The Eiffel Tower - Photo Taken September 2010

Friday, September 20, 2013

Day 14 - Musee Carnavalet and Le Marais

My first thoughts this morning were about getting organized to get packed up as this will be my last day in the apartment.  I need to be out by 10 am tomorrow.

After breakfast I rode the bus down to the Carnavalet Museum.  It is a former mansion that now houses the museum of the history of Paris.  Most of the history is told in paintings contemporary for the era they depict.  I found the section on the French Revolution to be the most interesting.  There is a recreation of Marie Antoinette's chamber while she was imprisoned - it didn't look too uncomfortable.  Of course all of the signage was in french, so it was a little hard to tell what everything was all about. The museum has a lot of steps, but it is free.

It was actually sunny today, but I wore my raincoat and carried my umbrella for insurance.  It was too warm for the coat, though.  I walked down to the Place Vosges, which looks very different in the sunshine than it did the first time I saw it in the rain.  People were sitting on the grass and enjoying the sun.  I had my most expensive cup of coffee yet at a cafe under the arcade - 5.80 euros for a double cafe noisette.  It was worth it.
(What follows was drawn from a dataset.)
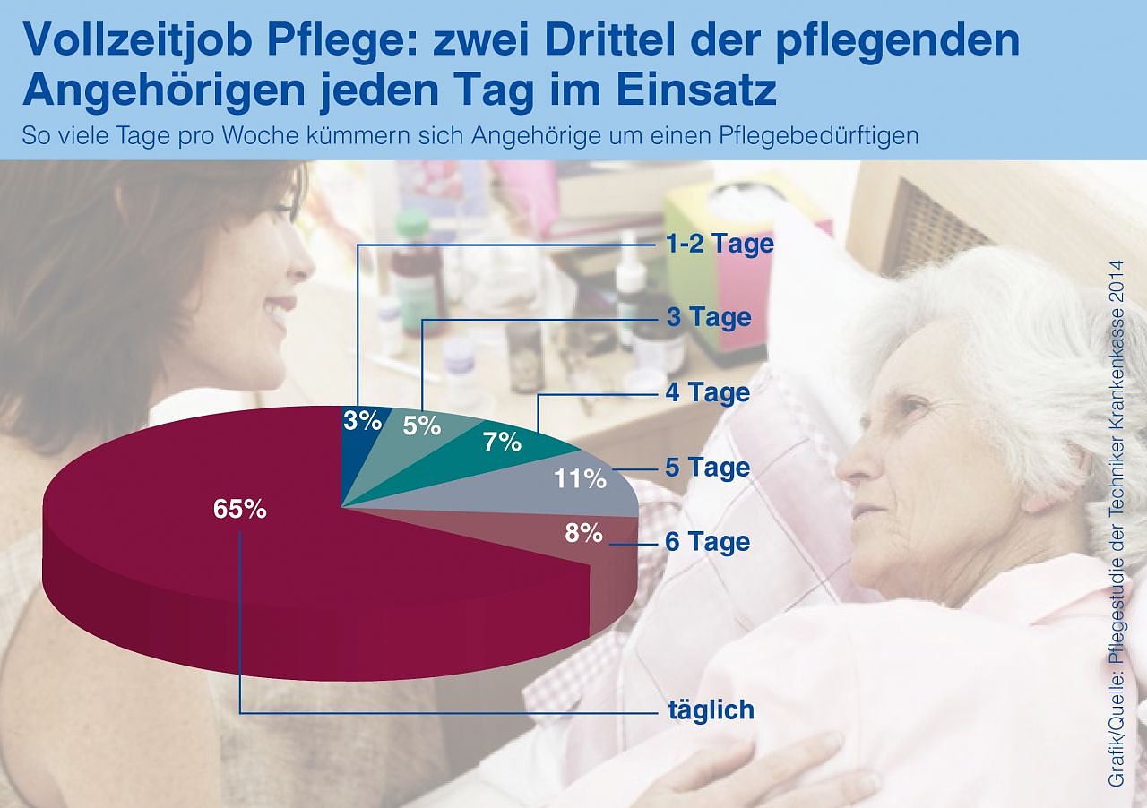52,2 Prozent der Pflegebedürftigen wurden im Kreis zu Hause ausschließlich von Angehörigen betreut. Weitere 18,8 Prozent aller Pflegebedürftigen erhielten zusätzlich Unterstützung durch ambulante Pflege. 29 Prozent wurden vollstationär gepflegt.
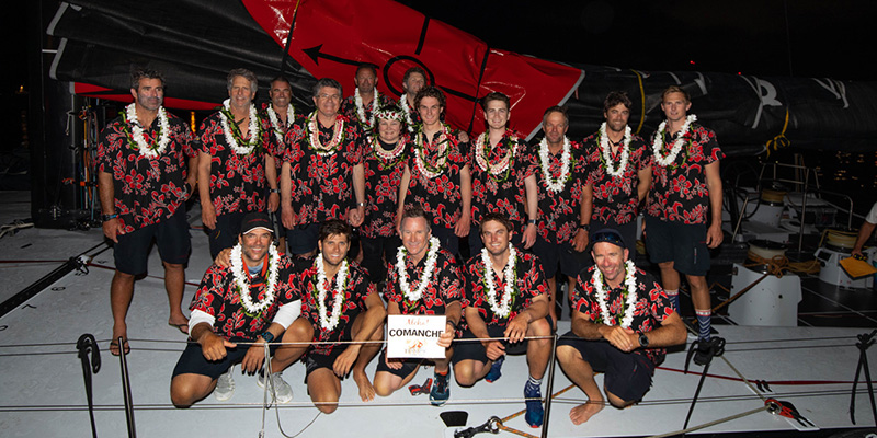 After the same slow start that plagued all Saturday starters this year in the 50th edition of the LA-Honolulu Transpac, Jim Cooney and Samantha Grant's VPLP 100 Comanche still managed to sneak out of the light air, get into the offshore breeze, and sail on to be first to finish in Honolulu at 21:14:05 Hawaii time. For being the first monohull to cross the finish line at Diamond Head, the Comanche team will win the coveted First to Finish carved slab of Hawaiian Koa wood known as the Barn Door Trophy. From 2009-2017 this award was given only to yachts with no powered systems, but was re-dedicated this year for monohull yachts of all sizes and types.

My plan was to walk back to the apartment through the Marais and do some shopping along the way.  I passed a little creperie by the church of St. Paul and wished I was hungry.  I walked a little further up the street, and back-tracked, thinking "I'll be hungry soon."  I had the Galette du Jour at La Cidrerie du Marais.  A buckwheat crepe (galette in Brittany) filled with bleu cheese, ham, pears, and walnuts.  If was very good, especially washed down with a cup of cider.  Just like in Brittany.  Lunch = 10 euros.  Continuing my walk after lunch, I found a bead shop.  A very nice one, too. It seemed to have all the necessary supplies and lots and lots of beads.

I thought I might get a flat-rate box at La Poste to send some stuff back home, especially my guidebooks which are heavy.  A 2 kg box (the smallest they had) would cost about 60 euros to ship.  I decided I could leave these books behind and buy new ones for less than that.  So bagged that idea.

I walked along Rue des Rosiers and Rue Ste. Croix de la Bretonnaire, doing some serious window shopping.  I went into a few shops, but nothing really reached out and grabbed me.  I haven't found anything special to take home for myself.  The problem is that I have developed a mindset of "no more stuff!"  I guess I'll just have to take home my experiences and memories of all the good food I've had.

The shops are very nice with high quality goods.  Pretty expensive.  Lots of leather goods, clothing, and jewelry.  Some very unique shops with quirky stuff, too.

I got back to the apartment a little before 3pm and headed for the laundromat.  It is so much easier to pack clean clothes.  Then I started to sort out everything for packing.  I feel so settled in this apartment, the task is almost daunting.  Could it be that I don't want to go home?

As small as it is, this apartment has worked well for me.  I wouldn't  recommend it for more than one person.  There is nothing special about the building, no charming courtyard or lobby, just a narrow hallway and a winding staircase.  It's old and creaky, but there is an elevator, which isn't found in a lot of these old buildings. The location is great.  Close to 3 bus lines that have gotten me wherever I've wanted to go; also close to 3 Metro stations and an RER station.  A 10 minute walk to the Seine.  Lots of shops and cafes close at hand, including a supermarket.  Lots of activity on the street.  Maybe a little noisy, but that really hasn't been a problem for me.  Fortunately, it has been cool enough that I haven't needed the window open at night.  I've really enjoyed my home in Paris.

Tonight I met my TA friend for dinner at Ambassade d'Auvergne, which is just a block or so from the apartment, and turns out to be one of her favorite restaurants.  It is a very charming place, specializing in dishes from he Auvergne region of France.  One of their specialities is "aligot," which is potato, cheese, and garlic, beaten until it is a gooey consistency.  They bring the pot out to the table to show you.  It is delicious.  For a starter I had blood sausage on a bed of white beans with vinaigrette, and for the main course roasted magret de canard (duck breast) with the aligot.  The duck was perfectly cooked.  For dessert I had another of their specialities, chocolate mousse, which they serve in a large serving bowl, allowing you to have as much as you want. It was dark chocolate, and heavenly.  Unfortunately, more than half of the bowl (both of us shared it), went back to the kitchen.  We shared a bottle of red wine and had a very delightful evening.

My suitcase is partially packed. Want to pack some more tonight, but will still have a lot to do in the morning.